Although few politicians would admit it, we are now rather at sea without the Russian bogey man to justify our arms build-up. Now that the bogey man is gone, what pray tell is the justification for continuing our bloated defense spending? Not incidentally, defense spending is larger today in constant dollars than it was in the mid-70s, the peak of the Cold War. We try to pretend that we need our current massive capacity for overkill because of “terrorists” but even though the press obediently promulgates this government lie, it is difficult to believe. We continue to build more tanks, more bombers, more this, more that, but who is our so mighty enemy? 
   Hussein? Milosevic? And, as if this were not reason enough to pause and consider our bondage to defense spending, there is another even more compelling reason: we are making the entire planet less and less safe by arming others. 
   Before discussing the arming of others, there is one other factor to consider. Despite its momentum and high levels of spending, all is not well in the defense industry. Because of the glut of planes, tanks and other items, and because newer models are increasingly sophisticated and costly, the actual number of orders from the U.S. military is down. For example, in the 1980s, Fort Worth was turning out nearly 300 F-16s annually; now it’s only making 80 or so a year. 
   And, as William Greider points out (in his recent study, “Fortress America”) “almost none of those 80 planes are for defending America!” So, rather than re-access the rationale for continuing old modes of defense, we seek to keep our arms industry alive by exporting arms to other nations. The system is really rather absurd; we build F-16s, we sell them to other nations, we then say since other nations have F-16s, we must build F-22s. This is all fine and good for defense contractors, but the taxpayers are footing the bill. The tragedy of it all is that every dollar spent on defense is a dollar denied to education, health, the infrastructure, national parks and ecosystems. Congress is unwilling to offend its defense buddies and supporters and so even though orders are down in the U.S., the defense companies sell their weapons abroad. 
   Countries around the world are being armed by the U.S. and the U.S. then determines to play world policeman. Defense spending, for example, is up by 35% in Latin American countries since 1992. Their economies are only up by 22%. While it may be good business to sell weapons, it is making the planet less and less safe for everyone. 
   One is struck by the blithe, unchallenged assumption that war is inevitable, forever inevitable (otherwise why do we continue R+D for more sophisticated and devastating means of waging war?) and that we must pour untold billions of dollars and some of our best creative energy into imagining new wartime techno-futuristic scenes. 

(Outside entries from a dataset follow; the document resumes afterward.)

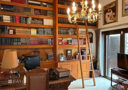Im Obergeschoss befinden sich drei Schlafzimmer, jeweils mit eigener Terrasse, zwei Badezimmer sowie ein weiterer Raum, der derzeit als Bibliothek genutzt wird, sich jedoch flexibel umgestalten lässt. Eine Garage mit Platz für zwei bis drei Fahrzeuge ergänzt das Angebot.
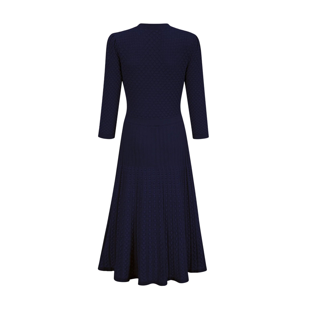 Navy Blue Button - Front Midi Dress with Textured Detail knitted long-sleeve midi dress in Blue Evening Dress - US 2 / UK 6 / EU 32
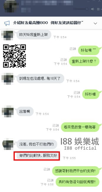 看了這麼多,如果大大們還是有選擇障礙的話,不妨可以先加入I88現金版,雖然我們沒有誘人的優惠,但透過我們的官方賴@可享有優越的多重服務如下↓

   Further, we assume that an equivalent amount of money, time and energy should not be put into studying, networking among nations, holding the highest level conferences to find ways of disarming and seeking the peaceful care, protection and cleaning of our precious and fragile planet and its peoples. 
   As you sow, so shall you reap. If we continue to sow arms, is there any question what the harvest will be? As Greider writes, “By pushing more and more weaponry, old and new, on other nations, the arms manufacturers are laying the groundwork for future conflicts...the U.S. government spends 12 times more on promoting arms sales abroad than on environmental technologies.” 
   With the collapse of the Soviet Union, there is a unique opportunity for the world to stop the senseless intensification and proliferation of weapons in the world. The U.S. could take a leadership role in peace rather than producing the means of war on a mass global scale. 
   Do we wish to lead the world to peace or are the economic needs of a few so dominant that a future of truly terrifying proportions will be imposed upon humanity by the purveyors of arms? The “iron triangle” seems unwilling to atop what some refer to as the U.S. arms race with itself. Ultimately, an enlightened and, I suspect, an indignant citizenry will be the only ones to put a stop to this madness.